Male, 44, 5'7". I was ~170lb and a 34" waist in high school, which steadily ticked up to 225lb and a 38" waist in my late 30s/early 40s. A little over a year ago, I got serious about counting calories with My Fitness Pal and exercising regularly, and am now down to 143lb with a 31-32" waist. My morning routine for the past year and a half or so has been a daily walk of 4 miles (and sometimes another in the evening), stretching, and 50 push-ups and 50 crunches. I had to work up to both when I got started. But my stomach is flatter and tighter than I can ever remember it being, and I feel great. I don't know what all that indicates, besides that trends are sometimes reversible?
posted by xedrik at 8:37 AM on October 4, 2021 [5 favorites]


My mom, who will turn 70 soon, has commented to me that her waist is bigger than it used to be although she has been about the same weight and same clothing size for basically her entire adult life. She is very active and probably doesn’t have significantly less muscle than she had 30 years ago, though of course she may have somewhat less. I’m not sure if she has shrunk at all - it’s possible, but not more than half an inch or so at most.
posted by insectosaurus at 8:47 AM on October 4, 2021


The official explanation you posted does not support your proposition that everyone sees an increase in their waist size (at the same weight) as they age. It says that three things tend to happen, not that they always happen.
posted by muddgirl at 12:00 PM on October 4, 2021


I’m not skinny, but my weight is towards the upper end of the current definition of normal — about where it has always been throughout adulthood as long as I’m reasonably fit and active and haven’t been overindulging.
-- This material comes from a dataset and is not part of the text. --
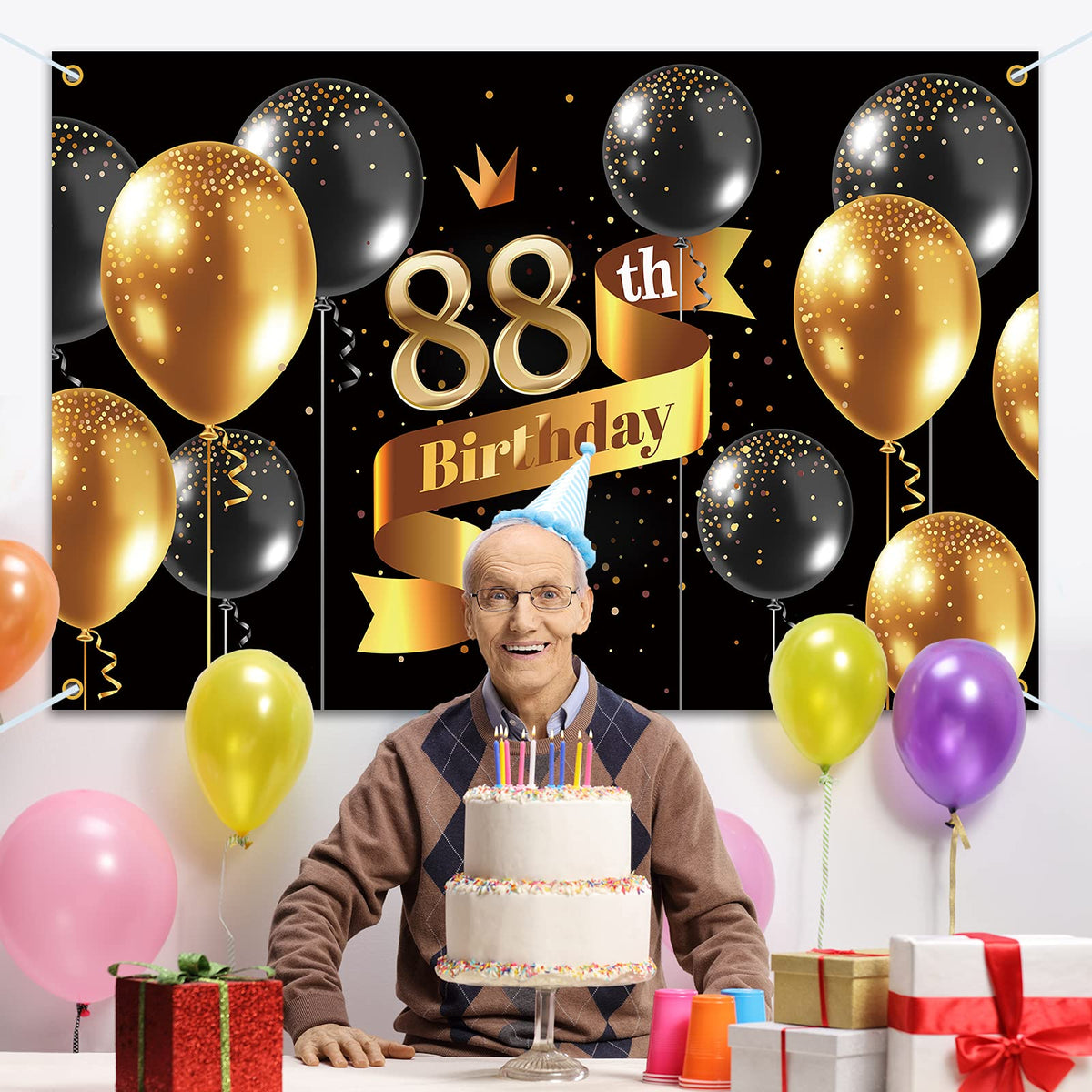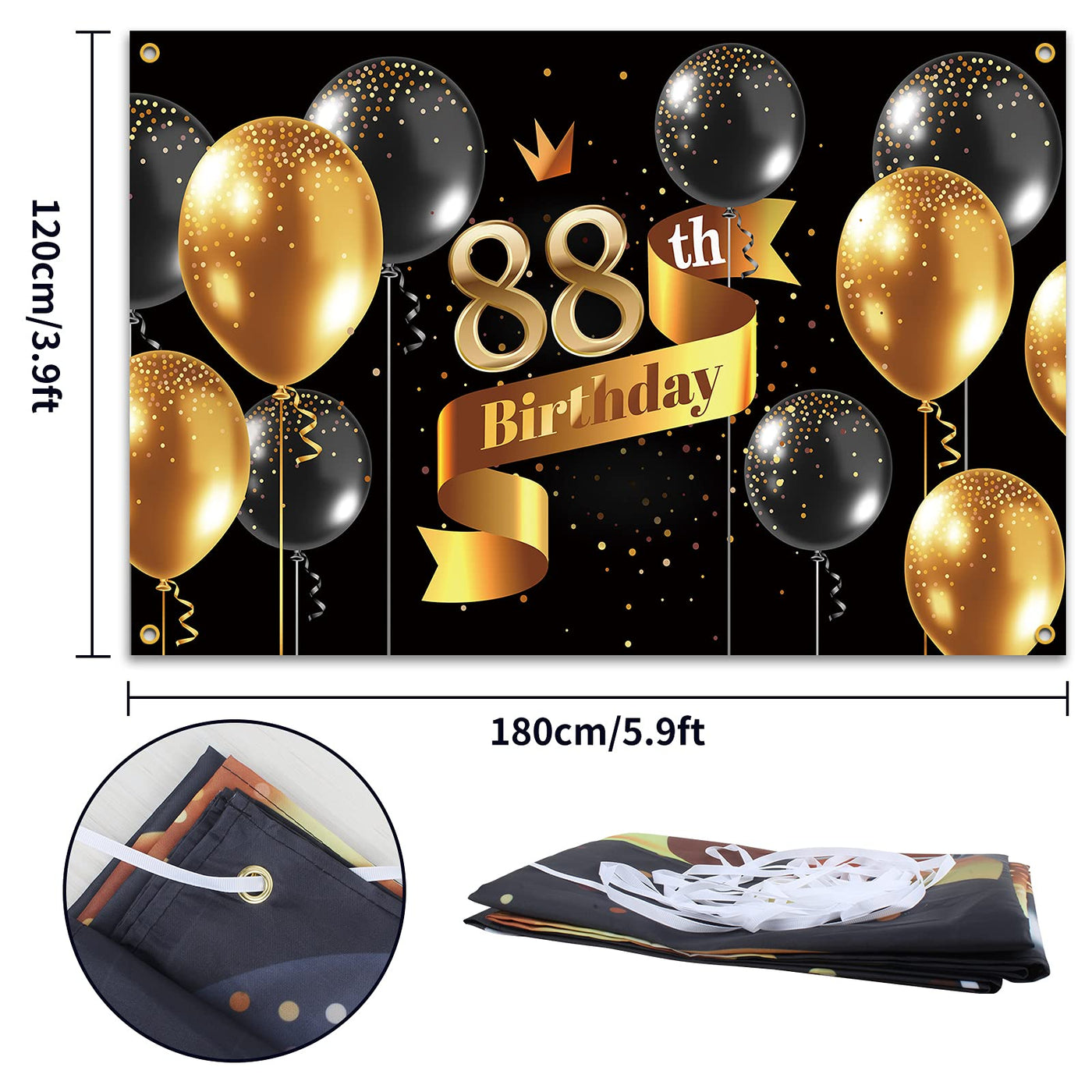 Pakboom Happy 88Th Birthday Backdrop Banner 88 Birthday Party Decorations Supplies For Men Black Gold 3.9 X 5.9Ft

I have a suit that I bought when I was twenty which fits just fine* forty-three years later, so no, an expanding waist is not inevitable at least into late middle age.

*The fit is fine, but I’m still waiting for the wide lapels and flares to come back into fashion.
posted by Quinbus Flestrin at 12:11 PM on October 4, 2021 [2 favorites]


In the quote you chose, saying people "tend to" lose muscle mass -- you can lift weights and build muscle, and if you manage to keep your BMI constant during this process you would lose mass from somewhere other than your muscles.

If you are losing height, and you want your BMI to stay the same, you would also need to loose weight. The quote doesn't seem to answer that, it just talks about getting shorter.
posted by yohko at 8:59 PM on October 4, 2021


I'm not sure that everyone's body works the same in the same conditions, and I know that everyone's body does not go through the same set of conditions.

In my middle age, I'm a few pounds heavier than I was at 18, and it's definitely more fat than it was, but it doesn't sit on my waist so my waist size is (by shop sizes, which are probably not the best measure) much the same as back then.

It feels to me like generic rules like this will have a ton of exceptions.
posted by How much is that froggie in the window at 10:23 PM on October 4, 2021


I'm 46 have kept the same waist size since high school. Like, I have a belt from seventh grade until it gave up the ghost a couple of years ago. Of course, it helps to be built like Hank Hill so YMMV.